### Data for review

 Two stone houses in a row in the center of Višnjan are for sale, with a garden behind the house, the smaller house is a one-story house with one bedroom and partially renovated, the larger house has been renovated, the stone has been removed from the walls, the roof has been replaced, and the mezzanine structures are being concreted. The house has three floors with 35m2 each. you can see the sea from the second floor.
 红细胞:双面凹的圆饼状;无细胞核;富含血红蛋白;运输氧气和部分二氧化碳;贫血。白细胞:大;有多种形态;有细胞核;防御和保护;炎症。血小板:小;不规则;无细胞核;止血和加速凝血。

==

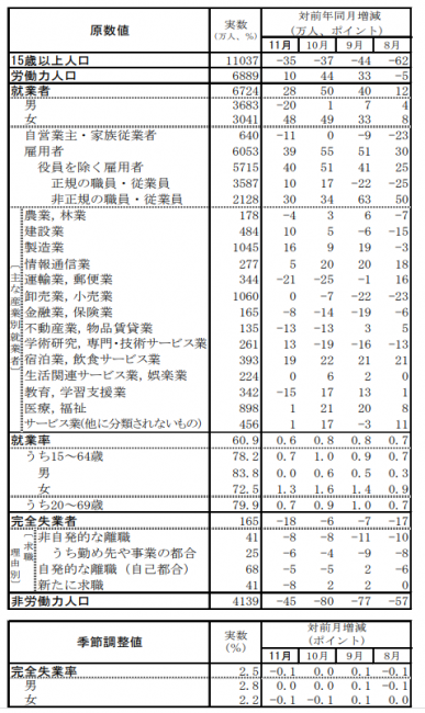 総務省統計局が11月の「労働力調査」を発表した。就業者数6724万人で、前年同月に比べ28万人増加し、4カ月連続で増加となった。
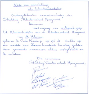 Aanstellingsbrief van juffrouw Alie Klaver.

### Prompt
Every line from the line containing "Two stone houses" through the line containing "红细胞:双面凹的圆饼状;无细" in the records above must be retyped exactly. Leave out the rest.

### Result of this task
 Two stone houses in a row in the center of Višnjan are for sale, with a garden behind the house, the smaller house is a one-story house with one bedroom and partially renovated, the larger house has been renovated, the stone has been removed from the walls, the roof has been replaced, and the mezzanine structures are being concreted. The house has three floors with 35m2 each. you can see the sea from the second floor.
 红细胞:双面凹的圆饼状;无细胞核;富含血红蛋白;运输氧气和部分二氧化碳;贫血。白细胞:大;有多种形态;有细胞核;防御和保护;炎症。血小板:小;不规则;无细胞核;止血和加速凝血。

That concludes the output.